Published February 5, 2025 © GPL3+

Accelerating AI on MaaXBoard OSM93 Part 3: Camera Pipeline

Using NNStreamer to accelerate the camera pipeline

AdvancedProtip2 hours393

Accelerating AI on MaaXBoard OSM93 Part 3: Camera Pipeline

Things used in this project

Hardware components

Tria Technologies MaaXBoard OSM93

Tria Technologies AES-ACC-MAAX-DISP2

Webcam, Logitech® HD Pro

Software apps and online services

TensorFlow

NNStreamer

Story

INTRO

In our previous projects, we looked at quantizing models for MaaXBoard OSM93, and converting models to the Vela format.

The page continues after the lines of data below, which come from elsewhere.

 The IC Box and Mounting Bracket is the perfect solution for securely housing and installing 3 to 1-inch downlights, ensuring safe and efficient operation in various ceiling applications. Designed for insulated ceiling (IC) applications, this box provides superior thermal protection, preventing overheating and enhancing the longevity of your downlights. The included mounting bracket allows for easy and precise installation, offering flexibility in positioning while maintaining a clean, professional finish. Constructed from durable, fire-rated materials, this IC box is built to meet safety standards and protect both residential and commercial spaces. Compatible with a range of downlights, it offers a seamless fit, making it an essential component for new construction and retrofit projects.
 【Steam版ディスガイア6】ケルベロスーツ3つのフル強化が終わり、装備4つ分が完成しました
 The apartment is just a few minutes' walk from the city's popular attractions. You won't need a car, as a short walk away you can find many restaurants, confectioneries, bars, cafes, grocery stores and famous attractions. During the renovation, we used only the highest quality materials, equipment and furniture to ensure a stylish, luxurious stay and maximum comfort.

Today we'll be looking at optimizing the camera pipeline to run even faster ML applications.

What is NNStreamer?

NNStreamer is an open source software built on top of GStreamer. GStreamer is a library that handles media pipelines. Not only can NNStreamer handle media (e.g. streaming video from a webcam), it can also parse tensors. This extends its capabilities to be able to integrate AI/ML models into streaming data flows.

NNStreamer supports the most popular inference engines (open source or not), like TensorFlow Lite, TensorFlow, PyTorch, ONNX, and more. On this NXP release, TensorFlow Lite and TVM engines are supported.

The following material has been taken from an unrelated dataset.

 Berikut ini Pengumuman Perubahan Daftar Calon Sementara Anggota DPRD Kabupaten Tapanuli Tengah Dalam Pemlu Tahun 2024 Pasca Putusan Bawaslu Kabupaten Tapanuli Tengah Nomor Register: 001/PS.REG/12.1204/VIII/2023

NXP has adapted NNStreamer to be accelerated on the VPUs, GPUs, and NPUs of its i.MX series boards.

Core components

NNstreamer core components

NNstreamer consists of components called elements. If you're familiar with GStreamer, you'll be familiar with source (input) and sink (output) elements. NNStreamer extends GStreamer with the stream filters that apply multiple operations to tensors. The 4 most important are below:

tensor_converter: Converts video frames to tensors.
tensor_filter: Executes the AI model (e.g., TFLite, TVM, etc.).
tensor_decoder: Post-processes outputs (e.g., bounding boxes, classifications).
tensor_sink: Captures tensor data for further use.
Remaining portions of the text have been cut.